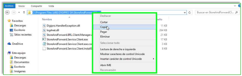 Inmediatamente después nos direccionamos a la carpeta que creamos en la unidad “C:\Program Files (x86)\DigiPro, S.A. de C.V\StoreAndForwardClient\”
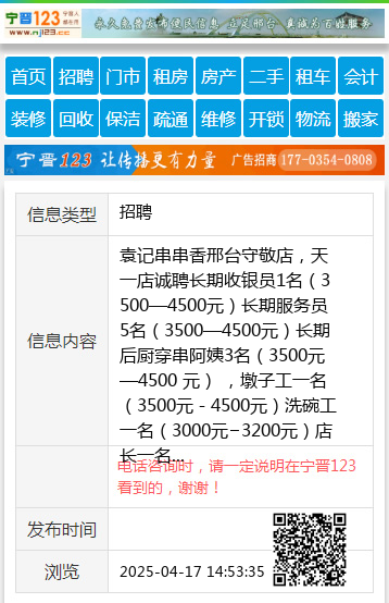 袁记串串香邢台守敬店,天一店诚聘长期收银员1名(3500—4500元)长期服务员5名(3500—4500元)长期后厨穿串阿姨3名(3500元—4500 元) ,墩子工一名(3500元-4500元)洗碗工一名(3000元−3200元)店长一名(工资面议)以上人员包吃包住晋升空间大,电话☎️13930915616(微信同步)加入我们团队! |
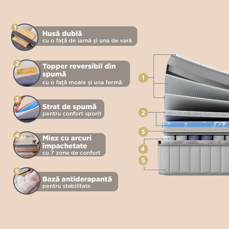 - Saltea inovatoare cu arcuri împachetate, care combină adaptabilitatea cu confortul personalizat.
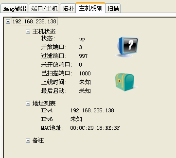 - 但是,扫描结果并不太准确,192.168.235.138 虽然是在线主机,但是可能是上一次扫描遗留下来的结果。我只扫描了 192.168.1.0 的地址段。
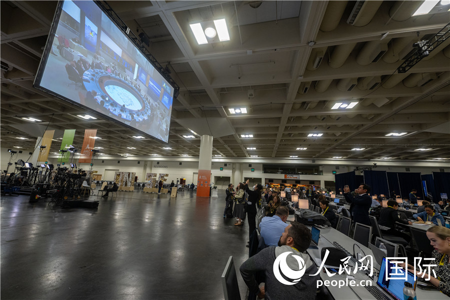 當地時間11月16日,美國舊金山,在APEC國際媒體中心,媒體記者忙碌工作。
————
# TASK PROMPT:
Begin at the line with "- Saltea inovatoare" and end at the last line of the data above. Reproduce those lines exactly, but not the pictures.

# EXERCISE SOLUTION:
 - Saltea inovatoare cu arcuri împachetate, care combină adaptabilitatea cu confortul personalizat.
 - 但是,扫描结果并不太准确,192.168.235.138 虽然是在线主机,但是可能是上一次扫描遗留下来的结果。我只扫描了 192.168.1.0 的地址段。
 當地時間11月16日,美國舊金山,在APEC國際媒體中心,媒體記者忙碌工作。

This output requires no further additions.